# Records shown
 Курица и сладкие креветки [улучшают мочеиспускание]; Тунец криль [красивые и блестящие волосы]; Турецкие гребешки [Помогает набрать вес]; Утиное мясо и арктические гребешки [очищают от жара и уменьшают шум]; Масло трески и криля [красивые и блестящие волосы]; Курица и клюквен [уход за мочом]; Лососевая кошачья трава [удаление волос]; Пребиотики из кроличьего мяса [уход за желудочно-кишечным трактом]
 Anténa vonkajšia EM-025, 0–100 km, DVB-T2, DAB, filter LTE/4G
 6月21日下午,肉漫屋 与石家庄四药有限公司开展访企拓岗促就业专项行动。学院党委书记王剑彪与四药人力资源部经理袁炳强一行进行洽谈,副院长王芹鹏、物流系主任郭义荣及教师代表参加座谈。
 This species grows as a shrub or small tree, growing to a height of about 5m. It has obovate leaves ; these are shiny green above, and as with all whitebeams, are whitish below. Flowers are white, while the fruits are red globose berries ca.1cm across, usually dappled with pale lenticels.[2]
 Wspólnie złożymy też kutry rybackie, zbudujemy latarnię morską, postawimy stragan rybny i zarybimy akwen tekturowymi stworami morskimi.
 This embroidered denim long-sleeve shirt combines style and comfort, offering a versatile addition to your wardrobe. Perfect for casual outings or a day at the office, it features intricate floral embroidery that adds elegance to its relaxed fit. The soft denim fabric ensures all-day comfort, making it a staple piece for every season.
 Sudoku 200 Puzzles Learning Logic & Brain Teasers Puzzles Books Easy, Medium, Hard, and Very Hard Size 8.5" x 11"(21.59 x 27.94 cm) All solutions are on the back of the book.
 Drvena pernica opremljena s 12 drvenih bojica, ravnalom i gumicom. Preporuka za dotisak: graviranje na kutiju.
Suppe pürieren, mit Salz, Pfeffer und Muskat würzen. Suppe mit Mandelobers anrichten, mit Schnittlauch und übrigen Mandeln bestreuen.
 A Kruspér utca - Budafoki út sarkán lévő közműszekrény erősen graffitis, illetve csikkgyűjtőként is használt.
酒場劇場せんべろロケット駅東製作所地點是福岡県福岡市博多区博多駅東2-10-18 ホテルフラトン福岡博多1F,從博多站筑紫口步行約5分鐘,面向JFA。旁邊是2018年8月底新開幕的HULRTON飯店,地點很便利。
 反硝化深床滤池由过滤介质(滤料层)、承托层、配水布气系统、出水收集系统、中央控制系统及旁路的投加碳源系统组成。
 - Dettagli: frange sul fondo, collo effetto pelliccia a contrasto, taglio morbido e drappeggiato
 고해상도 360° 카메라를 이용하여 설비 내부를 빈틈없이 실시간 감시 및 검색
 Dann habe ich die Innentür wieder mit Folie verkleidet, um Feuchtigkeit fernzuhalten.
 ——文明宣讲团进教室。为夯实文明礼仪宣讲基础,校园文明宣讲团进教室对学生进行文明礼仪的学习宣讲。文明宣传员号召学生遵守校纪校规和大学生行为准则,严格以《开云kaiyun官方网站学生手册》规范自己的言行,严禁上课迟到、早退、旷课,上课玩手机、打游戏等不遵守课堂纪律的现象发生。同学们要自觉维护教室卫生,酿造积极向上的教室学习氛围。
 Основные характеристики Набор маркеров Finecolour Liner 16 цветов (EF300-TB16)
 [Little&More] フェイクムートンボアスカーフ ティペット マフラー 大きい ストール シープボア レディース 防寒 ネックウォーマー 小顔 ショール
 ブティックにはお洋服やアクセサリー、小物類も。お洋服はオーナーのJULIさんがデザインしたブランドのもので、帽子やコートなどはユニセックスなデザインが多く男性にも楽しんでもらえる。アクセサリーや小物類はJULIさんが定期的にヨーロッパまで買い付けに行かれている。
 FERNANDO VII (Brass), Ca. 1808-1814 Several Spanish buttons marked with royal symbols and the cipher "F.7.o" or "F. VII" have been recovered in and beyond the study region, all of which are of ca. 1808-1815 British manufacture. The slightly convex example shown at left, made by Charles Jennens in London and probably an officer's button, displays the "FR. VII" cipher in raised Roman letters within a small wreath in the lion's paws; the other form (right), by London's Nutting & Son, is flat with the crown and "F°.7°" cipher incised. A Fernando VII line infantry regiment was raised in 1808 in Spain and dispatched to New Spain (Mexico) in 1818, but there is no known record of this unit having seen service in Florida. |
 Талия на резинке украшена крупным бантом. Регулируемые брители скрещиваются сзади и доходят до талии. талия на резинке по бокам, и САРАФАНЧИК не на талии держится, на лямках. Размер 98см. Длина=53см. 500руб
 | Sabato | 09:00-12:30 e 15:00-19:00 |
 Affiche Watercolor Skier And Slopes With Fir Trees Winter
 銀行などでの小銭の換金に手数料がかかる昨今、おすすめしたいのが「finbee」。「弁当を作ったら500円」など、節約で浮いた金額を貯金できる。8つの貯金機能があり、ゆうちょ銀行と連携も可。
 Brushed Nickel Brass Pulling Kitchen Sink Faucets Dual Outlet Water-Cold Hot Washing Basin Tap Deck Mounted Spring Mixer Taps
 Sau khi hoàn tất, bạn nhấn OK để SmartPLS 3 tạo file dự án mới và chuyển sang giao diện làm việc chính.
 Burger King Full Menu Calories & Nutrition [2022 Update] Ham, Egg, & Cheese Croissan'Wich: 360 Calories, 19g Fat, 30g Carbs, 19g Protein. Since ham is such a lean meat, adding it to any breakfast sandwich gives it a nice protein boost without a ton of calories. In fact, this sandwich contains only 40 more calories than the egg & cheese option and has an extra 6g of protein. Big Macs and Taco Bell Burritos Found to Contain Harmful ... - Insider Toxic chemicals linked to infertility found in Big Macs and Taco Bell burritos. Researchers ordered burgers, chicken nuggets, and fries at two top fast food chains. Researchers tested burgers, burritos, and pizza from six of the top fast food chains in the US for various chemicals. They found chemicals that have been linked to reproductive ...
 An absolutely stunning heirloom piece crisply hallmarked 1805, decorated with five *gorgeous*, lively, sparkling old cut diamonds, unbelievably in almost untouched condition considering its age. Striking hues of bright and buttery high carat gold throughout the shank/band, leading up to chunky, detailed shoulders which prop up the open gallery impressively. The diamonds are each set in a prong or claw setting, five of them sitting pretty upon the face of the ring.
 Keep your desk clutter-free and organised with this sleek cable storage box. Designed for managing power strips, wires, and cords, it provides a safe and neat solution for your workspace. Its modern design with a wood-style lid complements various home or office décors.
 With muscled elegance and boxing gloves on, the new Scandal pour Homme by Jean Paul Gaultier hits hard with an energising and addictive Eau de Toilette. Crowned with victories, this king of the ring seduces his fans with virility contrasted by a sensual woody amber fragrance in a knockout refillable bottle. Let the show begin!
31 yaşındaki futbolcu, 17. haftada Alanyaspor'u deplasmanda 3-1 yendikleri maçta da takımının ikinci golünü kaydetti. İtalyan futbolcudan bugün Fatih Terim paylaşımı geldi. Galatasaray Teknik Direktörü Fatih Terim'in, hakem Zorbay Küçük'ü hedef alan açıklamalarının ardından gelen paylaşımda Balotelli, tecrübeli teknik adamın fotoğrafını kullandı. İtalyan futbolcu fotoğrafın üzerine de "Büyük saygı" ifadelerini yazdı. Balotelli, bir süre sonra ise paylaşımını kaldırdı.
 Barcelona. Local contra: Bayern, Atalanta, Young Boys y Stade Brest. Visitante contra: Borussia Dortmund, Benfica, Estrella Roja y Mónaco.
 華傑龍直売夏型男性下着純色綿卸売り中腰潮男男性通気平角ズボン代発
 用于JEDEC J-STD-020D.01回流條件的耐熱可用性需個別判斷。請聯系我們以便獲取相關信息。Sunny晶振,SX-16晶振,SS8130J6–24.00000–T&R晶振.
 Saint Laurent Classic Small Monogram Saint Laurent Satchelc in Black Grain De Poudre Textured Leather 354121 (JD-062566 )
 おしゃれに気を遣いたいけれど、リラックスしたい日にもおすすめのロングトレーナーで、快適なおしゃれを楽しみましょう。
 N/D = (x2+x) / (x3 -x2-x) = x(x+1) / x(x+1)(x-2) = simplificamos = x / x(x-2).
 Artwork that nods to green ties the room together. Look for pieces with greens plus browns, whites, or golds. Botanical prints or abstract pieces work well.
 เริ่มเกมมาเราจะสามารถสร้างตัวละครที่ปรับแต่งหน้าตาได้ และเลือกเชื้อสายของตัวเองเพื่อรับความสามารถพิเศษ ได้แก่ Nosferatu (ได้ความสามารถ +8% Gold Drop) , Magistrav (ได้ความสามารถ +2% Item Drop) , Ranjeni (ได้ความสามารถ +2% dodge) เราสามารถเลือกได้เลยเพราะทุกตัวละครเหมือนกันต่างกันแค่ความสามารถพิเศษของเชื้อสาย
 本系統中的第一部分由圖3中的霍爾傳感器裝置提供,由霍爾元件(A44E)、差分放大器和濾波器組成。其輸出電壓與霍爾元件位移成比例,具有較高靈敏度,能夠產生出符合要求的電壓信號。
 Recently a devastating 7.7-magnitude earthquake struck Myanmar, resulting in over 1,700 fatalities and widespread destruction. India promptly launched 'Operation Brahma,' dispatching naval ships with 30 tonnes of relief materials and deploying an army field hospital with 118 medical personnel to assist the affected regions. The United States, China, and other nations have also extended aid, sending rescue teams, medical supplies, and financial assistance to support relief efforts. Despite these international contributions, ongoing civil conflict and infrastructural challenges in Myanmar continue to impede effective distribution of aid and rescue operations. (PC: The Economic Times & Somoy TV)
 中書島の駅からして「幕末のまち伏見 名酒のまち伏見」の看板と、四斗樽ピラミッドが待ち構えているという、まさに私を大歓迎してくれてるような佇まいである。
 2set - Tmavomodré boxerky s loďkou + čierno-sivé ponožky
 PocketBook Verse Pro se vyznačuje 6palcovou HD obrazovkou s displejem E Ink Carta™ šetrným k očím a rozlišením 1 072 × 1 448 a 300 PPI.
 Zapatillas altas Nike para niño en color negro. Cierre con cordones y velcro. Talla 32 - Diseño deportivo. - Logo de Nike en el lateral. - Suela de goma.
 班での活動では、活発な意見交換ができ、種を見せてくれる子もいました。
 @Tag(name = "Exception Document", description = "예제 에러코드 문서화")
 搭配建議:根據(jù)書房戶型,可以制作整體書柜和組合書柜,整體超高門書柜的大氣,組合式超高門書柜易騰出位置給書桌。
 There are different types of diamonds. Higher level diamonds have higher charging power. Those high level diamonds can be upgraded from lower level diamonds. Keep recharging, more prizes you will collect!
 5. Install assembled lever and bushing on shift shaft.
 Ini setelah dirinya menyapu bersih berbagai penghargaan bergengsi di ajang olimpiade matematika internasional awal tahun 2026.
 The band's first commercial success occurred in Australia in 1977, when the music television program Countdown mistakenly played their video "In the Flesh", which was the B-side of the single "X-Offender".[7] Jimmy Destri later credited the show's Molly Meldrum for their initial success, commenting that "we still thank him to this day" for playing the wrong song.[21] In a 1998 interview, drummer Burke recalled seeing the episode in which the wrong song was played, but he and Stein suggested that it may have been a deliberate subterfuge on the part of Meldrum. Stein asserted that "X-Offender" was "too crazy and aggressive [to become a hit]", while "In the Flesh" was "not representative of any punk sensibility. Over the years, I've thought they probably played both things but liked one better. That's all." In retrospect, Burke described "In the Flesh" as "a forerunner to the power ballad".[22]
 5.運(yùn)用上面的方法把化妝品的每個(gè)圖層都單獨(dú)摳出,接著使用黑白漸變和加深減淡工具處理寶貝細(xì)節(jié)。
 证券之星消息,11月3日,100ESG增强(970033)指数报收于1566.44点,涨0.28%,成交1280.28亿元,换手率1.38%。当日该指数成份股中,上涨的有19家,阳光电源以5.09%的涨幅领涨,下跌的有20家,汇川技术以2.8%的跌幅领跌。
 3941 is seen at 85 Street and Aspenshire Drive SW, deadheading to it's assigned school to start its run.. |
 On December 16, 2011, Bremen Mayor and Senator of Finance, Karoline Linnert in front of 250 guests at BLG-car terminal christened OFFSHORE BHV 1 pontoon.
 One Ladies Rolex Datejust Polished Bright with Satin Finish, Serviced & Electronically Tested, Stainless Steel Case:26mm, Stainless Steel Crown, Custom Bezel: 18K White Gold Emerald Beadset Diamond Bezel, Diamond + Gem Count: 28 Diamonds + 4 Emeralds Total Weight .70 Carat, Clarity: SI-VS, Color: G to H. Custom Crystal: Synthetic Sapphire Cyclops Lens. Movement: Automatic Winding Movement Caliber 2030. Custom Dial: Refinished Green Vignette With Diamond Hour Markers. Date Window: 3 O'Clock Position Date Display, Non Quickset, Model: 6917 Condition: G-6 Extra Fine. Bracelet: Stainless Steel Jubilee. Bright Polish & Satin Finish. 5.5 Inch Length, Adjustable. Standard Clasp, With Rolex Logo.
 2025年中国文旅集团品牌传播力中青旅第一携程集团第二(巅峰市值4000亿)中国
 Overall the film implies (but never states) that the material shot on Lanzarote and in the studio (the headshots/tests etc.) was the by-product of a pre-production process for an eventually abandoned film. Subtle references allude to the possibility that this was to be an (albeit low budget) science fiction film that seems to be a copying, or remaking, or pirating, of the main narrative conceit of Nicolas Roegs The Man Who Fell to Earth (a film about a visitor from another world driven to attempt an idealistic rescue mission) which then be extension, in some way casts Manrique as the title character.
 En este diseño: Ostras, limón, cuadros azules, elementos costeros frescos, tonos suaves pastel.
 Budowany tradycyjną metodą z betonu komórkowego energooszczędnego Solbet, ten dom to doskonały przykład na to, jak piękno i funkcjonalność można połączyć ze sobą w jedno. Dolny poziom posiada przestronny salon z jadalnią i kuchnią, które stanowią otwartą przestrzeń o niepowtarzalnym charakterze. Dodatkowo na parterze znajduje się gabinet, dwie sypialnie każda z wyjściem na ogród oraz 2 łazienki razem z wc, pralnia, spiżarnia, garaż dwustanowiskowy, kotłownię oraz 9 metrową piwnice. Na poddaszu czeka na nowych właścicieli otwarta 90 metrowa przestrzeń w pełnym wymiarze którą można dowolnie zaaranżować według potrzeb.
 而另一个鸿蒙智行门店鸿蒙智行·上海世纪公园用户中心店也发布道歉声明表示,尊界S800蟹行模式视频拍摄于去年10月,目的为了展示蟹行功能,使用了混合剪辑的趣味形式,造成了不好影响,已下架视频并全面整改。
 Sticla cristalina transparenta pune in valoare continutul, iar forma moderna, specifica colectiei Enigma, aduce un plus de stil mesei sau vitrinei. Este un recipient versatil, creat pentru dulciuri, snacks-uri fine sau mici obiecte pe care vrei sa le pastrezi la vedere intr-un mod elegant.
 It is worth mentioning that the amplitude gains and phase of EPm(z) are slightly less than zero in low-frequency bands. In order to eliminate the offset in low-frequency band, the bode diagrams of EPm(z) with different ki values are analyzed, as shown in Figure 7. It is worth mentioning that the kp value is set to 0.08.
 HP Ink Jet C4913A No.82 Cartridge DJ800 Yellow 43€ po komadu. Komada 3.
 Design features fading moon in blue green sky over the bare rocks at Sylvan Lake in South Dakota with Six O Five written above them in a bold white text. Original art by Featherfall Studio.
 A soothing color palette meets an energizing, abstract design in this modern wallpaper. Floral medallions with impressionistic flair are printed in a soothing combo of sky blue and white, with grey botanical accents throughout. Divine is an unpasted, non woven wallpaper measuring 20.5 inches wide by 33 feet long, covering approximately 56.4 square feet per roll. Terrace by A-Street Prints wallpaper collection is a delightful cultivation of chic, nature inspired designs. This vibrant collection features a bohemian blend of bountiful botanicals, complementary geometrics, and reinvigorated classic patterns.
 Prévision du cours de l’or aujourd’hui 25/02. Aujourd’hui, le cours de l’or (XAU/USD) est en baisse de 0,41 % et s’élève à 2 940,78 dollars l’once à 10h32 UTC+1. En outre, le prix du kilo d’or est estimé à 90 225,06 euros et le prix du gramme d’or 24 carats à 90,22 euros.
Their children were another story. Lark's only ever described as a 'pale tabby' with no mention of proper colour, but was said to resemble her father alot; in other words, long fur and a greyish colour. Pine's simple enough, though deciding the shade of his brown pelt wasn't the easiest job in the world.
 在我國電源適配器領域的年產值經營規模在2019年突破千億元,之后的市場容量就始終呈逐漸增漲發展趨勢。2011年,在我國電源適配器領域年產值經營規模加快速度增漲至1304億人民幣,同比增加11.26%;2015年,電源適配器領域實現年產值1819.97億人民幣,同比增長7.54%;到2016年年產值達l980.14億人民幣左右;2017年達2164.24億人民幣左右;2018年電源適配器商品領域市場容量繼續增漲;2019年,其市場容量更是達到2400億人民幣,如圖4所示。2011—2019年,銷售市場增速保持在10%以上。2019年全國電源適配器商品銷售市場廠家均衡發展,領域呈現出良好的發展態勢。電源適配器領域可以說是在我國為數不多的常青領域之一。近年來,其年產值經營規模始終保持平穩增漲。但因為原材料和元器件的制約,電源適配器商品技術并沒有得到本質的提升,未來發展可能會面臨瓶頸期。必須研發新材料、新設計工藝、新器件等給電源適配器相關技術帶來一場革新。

# Description of the task
Send back an exact copy of only the lines from the line with "Ini setelah dirinya" up to and including the line with "On December 16, 2011, Bremen" in the data above.

# Task solution
 Ini setelah dirinya menyapu bersih berbagai penghargaan bergengsi di ajang olimpiade matematika internasional awal tahun 2026.
 The band's first commercial success occurred in Australia in 1977, when the music television program Countdown mistakenly played their video "In the Flesh", which was the B-side of the single "X-Offender".[7] Jimmy Destri later credited the show's Molly Meldrum for their initial success, commenting that "we still thank him to this day" for playing the wrong song.[21] In a 1998 interview, drummer Burke recalled seeing the episode in which the wrong song was played, but he and Stein suggested that it may have been a deliberate subterfuge on the part of Meldrum. Stein asserted that "X-Offender" was "too crazy and aggressive [to become a hit]", while "In the Flesh" was "not representative of any punk sensibility. Over the years, I've thought they probably played both things but liked one better. That's all." In retrospect, Burke described "In the Flesh" as "a forerunner to the power ballad".[22]
 5.運(yùn)用上面的方法把化妝品的每個(gè)圖層都單獨(dú)摳出,接著使用黑白漸變和加深減淡工具處理寶貝細(xì)節(jié)。
 证券之星消息,11月3日,100ESG增强(970033)指数报收于1566.44点,涨0.28%,成交1280.28亿元,换手率1.38%。当日该指数成份股中,上涨的有19家,阳光电源以5.09%的涨幅领涨,下跌的有20家,汇川技术以2.8%的跌幅领跌。
 3941 is seen at 85 Street and Aspenshire Drive SW, deadheading to it's assigned school to start its run.. |
 On December 16, 2011, Bremen Mayor and Senator of Finance, Karoline Linnert in front of 250 guests at BLG-car terminal christened OFFSHORE BHV 1 pontoon.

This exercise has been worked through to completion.